Maggie stood in the airport in front of the candy counter. Matt had always given her candy corn. It was their signature candy, something she used to say every relationship should have. For them it was more of a sacrament than a food. The first time he brought it home he’d had in mind a joke on her American food specialty, but that was soon forgotten and it became his parting token. He would present her with a little bag before leaving on a trip. She could still picture how he’d looked one morning in their bedroom, in the slow-seeping dawn light, packed, dressed, ready to go. When? A year and a half ago? They both traveled so often that they rarely rose for each other’s early departures. That particular morning she was half-awake, drifting; she could hear the rustle of his pants and the crinkle of plastic as he dug in his pocket for the little bag of corn. She heard him settle it by her bedside lamp and lean down to kiss the frizz of her hair. Just that. Too nice to wake her. Then the click of the door. Remorse bubbled in Maggie now. So many times she had let him go like that.

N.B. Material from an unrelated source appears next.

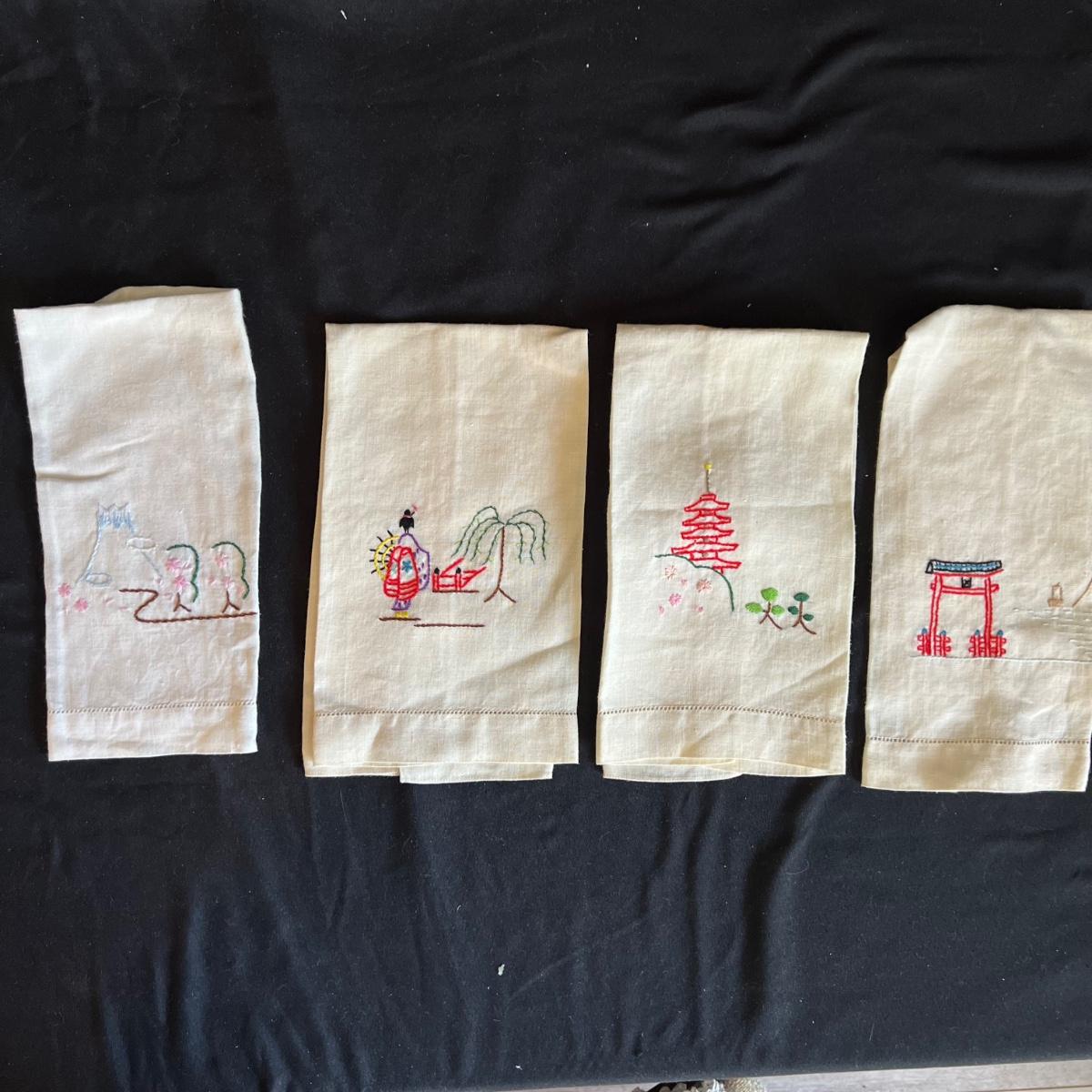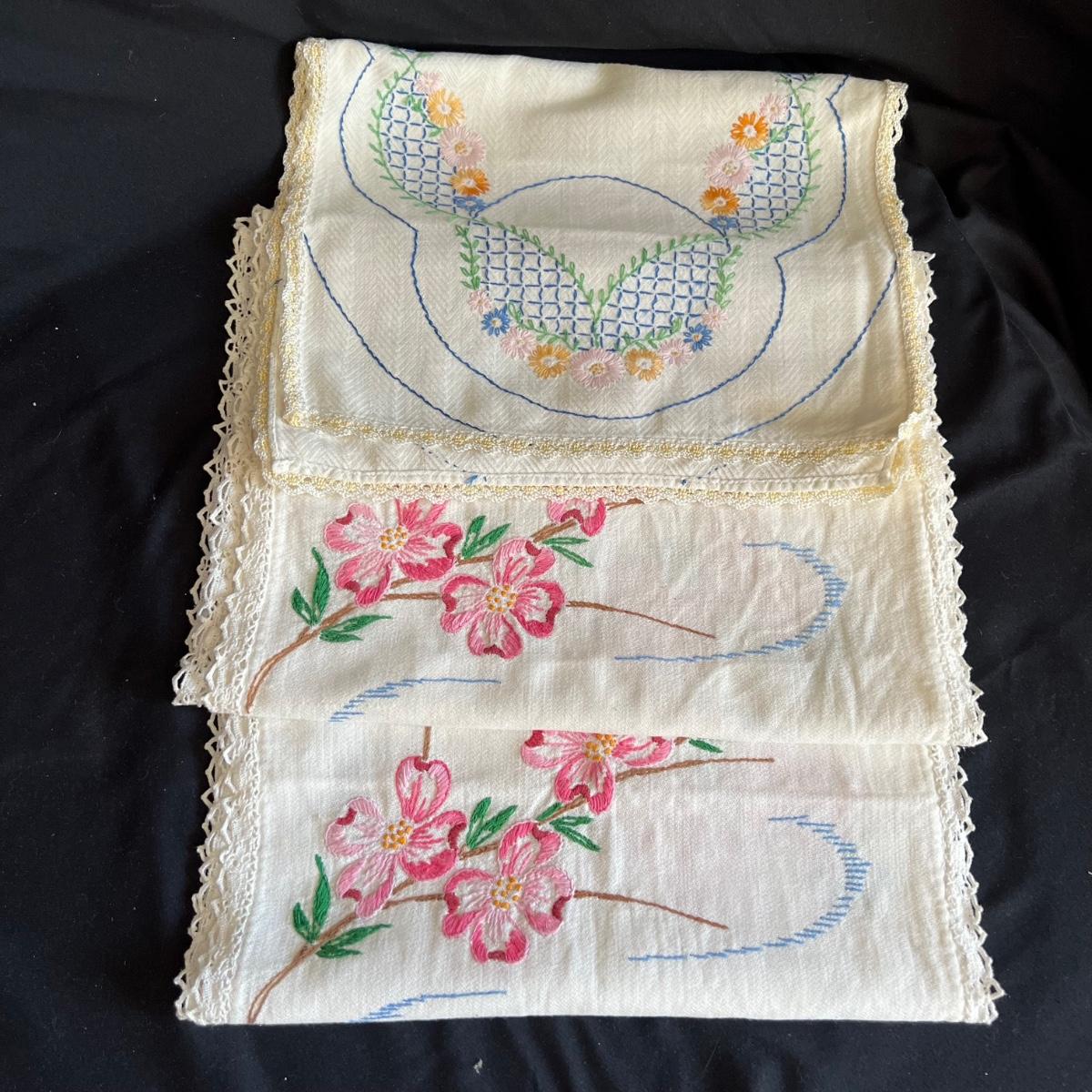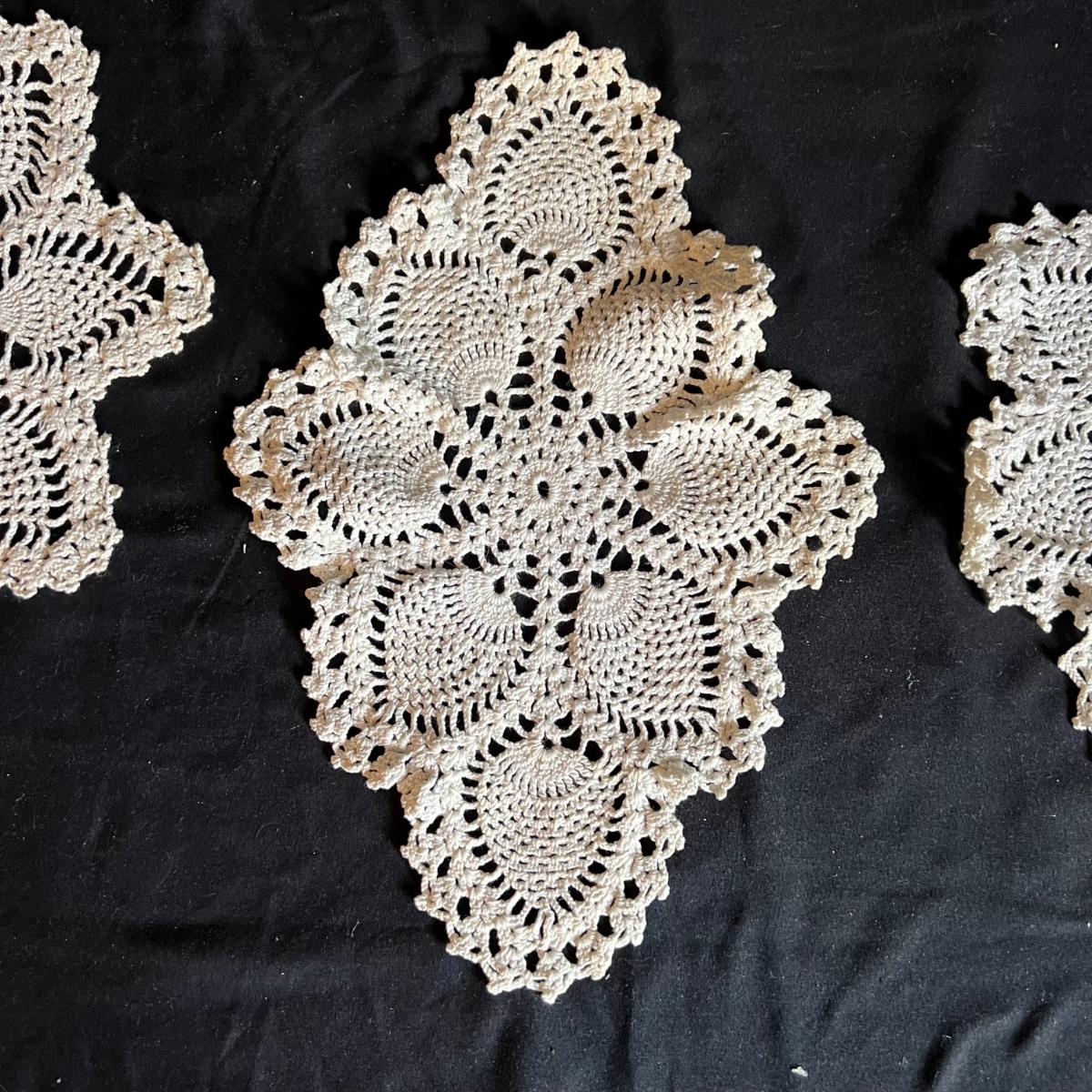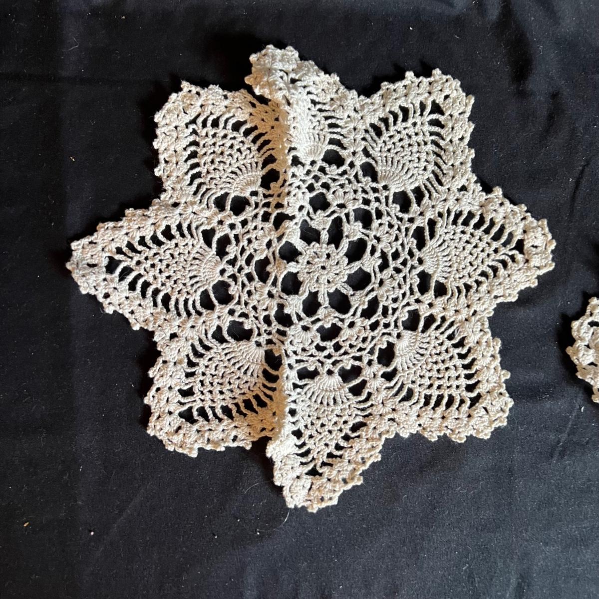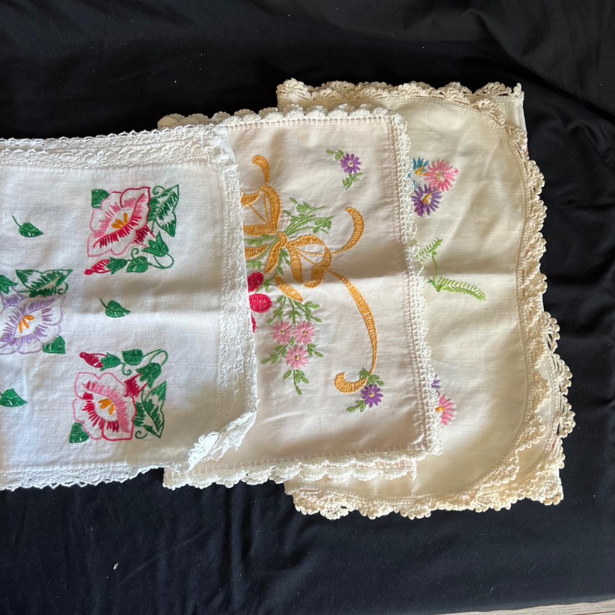 A large collection of round and oval doilies. The largest round measures 22” round and the smallest (coaster size) is 4” round. The largest oval is 30” x 14”H and the smallest 15” x 8”H. Four embroidered napkins that appear to be linen. And seven rectangular embroidered table covers, the largest is 30” x 15”H and the smallest is 36” x 13”H.

She walked over to the plexiglass tube filled with orange-and-white kernels and opened a plastic bag underneath. On the day he left for San Francisco, the last day she saw him, he did not give her any candy corn, because he was coming back that night.

In the year since, she had not eaten a kernel. She pulled the lever now and they gushed into her bag, a hundred, a thousand. She got on the plane and ate steadily, sneaking the sugar-soft kernels into her mouth one by one and letting them dissolve until her teeth ached and her head felt as if it would balloon up and float away. Queasy, full, she refused the meals when they came. She started a movie and turned it off. She sat washed by waves of guilt, guilt she’d felt many times this past year as she remembered that she and her husband, in truth, had always loved each other best when they were apart. And now it was for always. She closed her eyes.

She felt her computer bag between her feet. She hadn’t even thought yet about the job. What with getting her visa, collecting a sample for Matt from the hospital where he had banked blood, delivering it to the DNA lab, getting the collection kit, packing, speeding to the airport – with all this she had not given the first thought to her interview with the chef. Actually it had been a relief to have to move so fast. Grief, which had become half-comforting to her, almost a companion, had seemed finally to take a step back. She felt like a person again, even if she barely made it to the gate on time with her carry-on.

Then she was strapped in, with her candy corn. She attempted to face the situation. Was it possible? Could the claim be true? She let her mind roll back once again. She lingered over every bump, every moment of discord; she knew where each one was located. They were all inside her, arranged since his death alongside love, rue, and affection. She threaded through them now. Another woman? A child? It just wasn’t possible to believe he could have kept it from her. He was such a confessor. It was a joke among people who knew him. This was the kind of thing he could never, ever have kept to himself.

Especially since the question of children was one that came up between the two of them. Originally they were both in agreement. They did not want children. Halfway through their decade together, though, Matt changed his mind.